After so many years, 1890 still feels like home. You could start with spring rolls or soup (miso, tom yum or won ton), but why not just dive straight into the sushi? It’s always excellent, with enough traditional and more modern (mayo-drizzled) options to keep anyone happy. The best part is seeing what you like, laid out so beautifully on colour-coded plates, and grabbing it straight away. Veg rainbow rolls (topped with the most delicate of red and green chilli slices), prawn tempura Cali rolls, edamame beans, seared tuna salad, roses, hand rolls, sweet crunchy tuna… The carousel is endless.
If you’re feeling like something hot, sticky and saucy, there’s a range of stir-fried noodle and rice dishes featuring proteins such as duck, beef, pork, chicken and seafood with sauces including kung pow, sweet and sour, oyster, and green and red curry. All the bases are pretty much covered.

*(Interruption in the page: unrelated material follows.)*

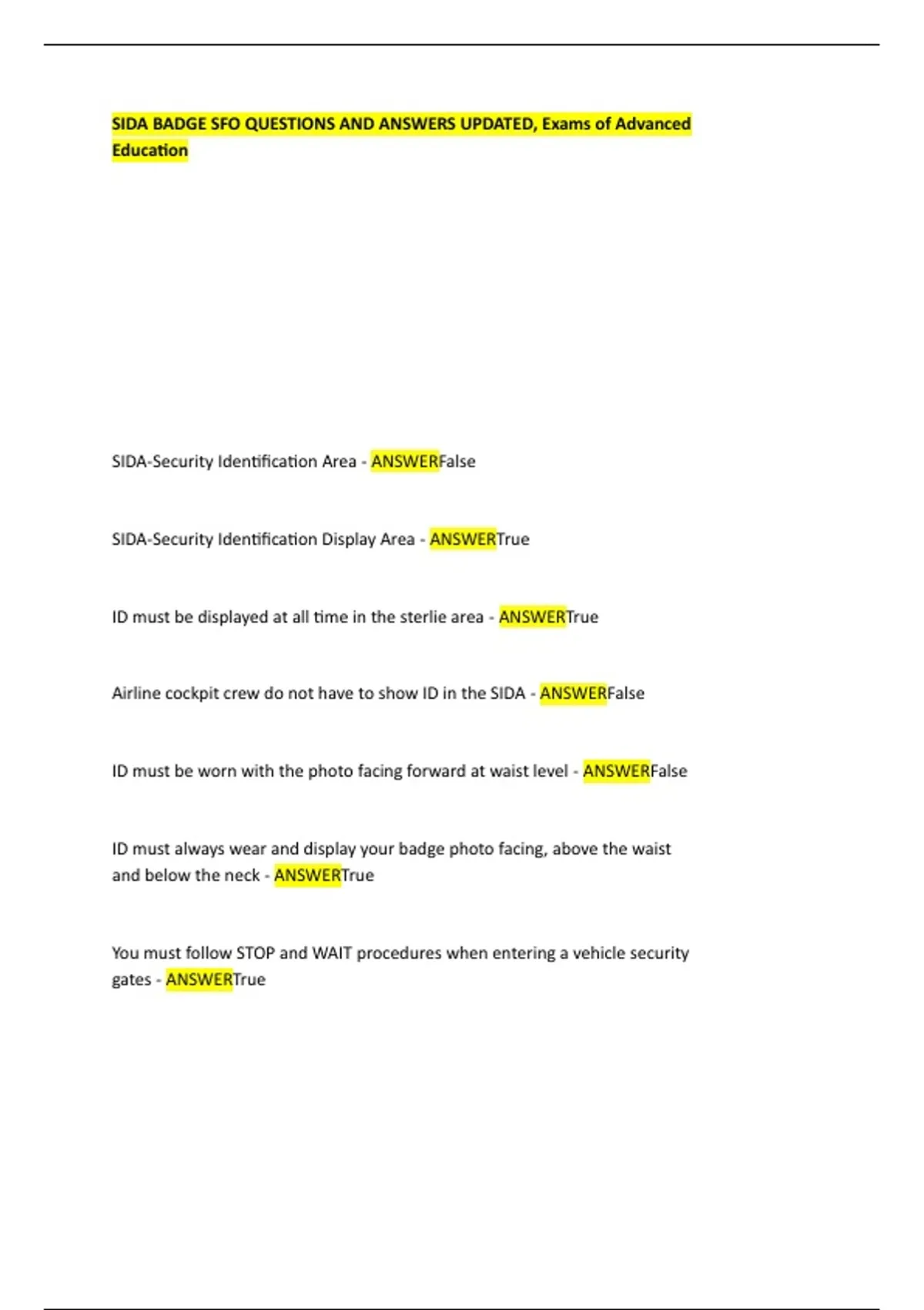 SIDA BADGE SFO QUESTIONS AND ANSWERS UPDATED, Exams of Advanced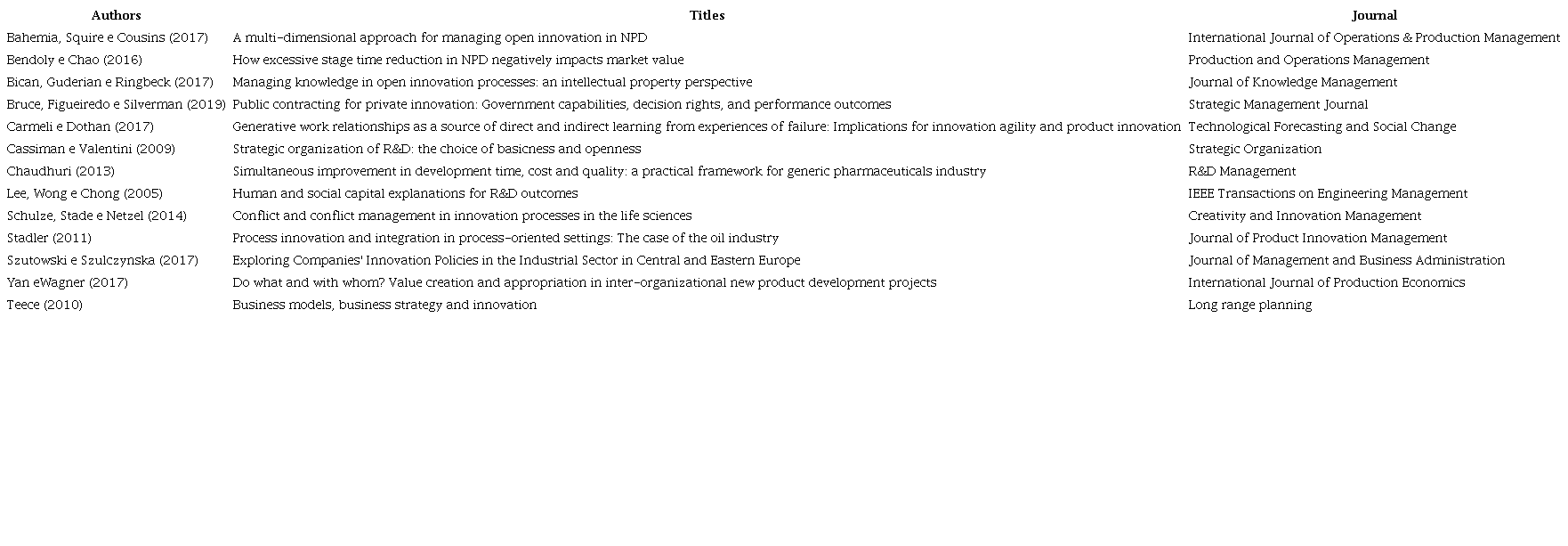 Among the publications where research & development, innovation and intellectual property are concentrated (Bahemia, 2017; Bendoly & Chao, 2016; Bican, 2017; Bruce, 2019; Carmeli & Dothan, 2017; Cassiman & Valentini, 2009; Chaudhuri, 2013; Lee, 2005; Stadler, 2011; Szutowski & Szułczyńska, 2017; Teece, 2010; Yan & Wagner, 2017), we have as an exhibition the research by Szutowski and Szułczyńska (2017) which proved that an innovation policy guarantees a continuous process of generating small improvements, which leads to successful innovation. Bahemia et al. (2017), developed and tested a measurement scale to test hypothetical relationships between openness, product innovation, product competitive advantage and appropriability regime. This author concluded that product innovation has a direct positive relationship with the product's competitive advantage. The results presented by Chaudhuri (2013) show that products with varying levels of complexity benefit from different degrees of standardization, optimization and collaboration to meet the multiple objectives associated with development. Stadler (2011), on the other hand, recommends that managers provide specialists with space to experiment for long periods of time, encourage cooperation between disciplines and create incentives and systems to facilitate the process of promoting innovation, while the study by Yan and Wagner (2017), helps managers understand what types of new product development tasks have the greatest potential for creating value. Concluding the debate, Bruce et al. (2019), states that cooperative agreements generate greater innovative production, which can be measured by patents and citations, controlling the endogeneity of the form of a contract when this is the case.

The small selection of desserts is ice-cream based – battered and deep fried, or served with chocolate sauce or fried banana – but rather just fill the gap with another plate of sushi. You know you want to.
Choose from a menu of soft drinks, standard hard tack (including sake) or local beers. While wine may not be the best choice for this type of cuisine, the one-page menu of local options is pretty solid, with very affordable wines available by the glass or bottle.
You can never tire of watching these most expert sushi chefs at work slicing, trimming, rolling and shaking. The waiters, who take orders for drinks and anything you don’t grab off conveyor belt, are mostly young students who are friendly and keen to please.
The conveyor belt in the front room is hot property (do phone ahead to book), but if you have a larger group or want some more intimacy, you can find a table in the more dimly lit back rooms. You’ll find yourself amongst young couples, bohemian families and old friends. It’s an eclectic neighbourhood mix of regulars. Fairy lights and some posters liven up the space, which feels comfortable and cosy.
If you’re concerned about parking on the street, find a bay in Pepper Square parking lot on Nuttall Road around the corner. It’s affordable and worth the peace of mind.
Eat Out critics dine anonymously and pay for their meals in full. Read our editorial policy here.
Bernadette le Roux
One of the most under-rated sushi restaurants in Cape Town, at this hidden local gem you will find Japanese food artistry of the highest order. Garnishes are hand-carved and sushi beauteous. The sushi conveyor belt is convenient for a quick lunch or dinner and always well stocked with favourite menu items such as the seared tuna salad, spicy prawn on bean curd and caviar sandwiches. Classics like salmon roses and rainbow rolls abound for the less adventurous. Portions are generous at very affordable prices – it’s obvious that the owners know their clientele, who are mostly students from nearby UCT residences. An extensive Chinese menu and a couple of Thai options are also available, but the sushi steals the show.
The wine list is limited but there are by the glass options for a quick sushi-belt lunch.
Service is laid back in a modest, friendly sort of way but don’t expect silver service as both the staff and the clientele are mostly students passing through.
Situated in a quaint old Observatory home that has been converted to a restaurant, there are many seating options: a covered, indoor patio at the back, which is ideal for romantics; a courtyard beside the bar; and the counter-style seating at the conveyer belt at the entrance. It’s certainly not lacking in charm by night and is always buzzing.
Take care where you park at night, as this is not the best neighbourhood.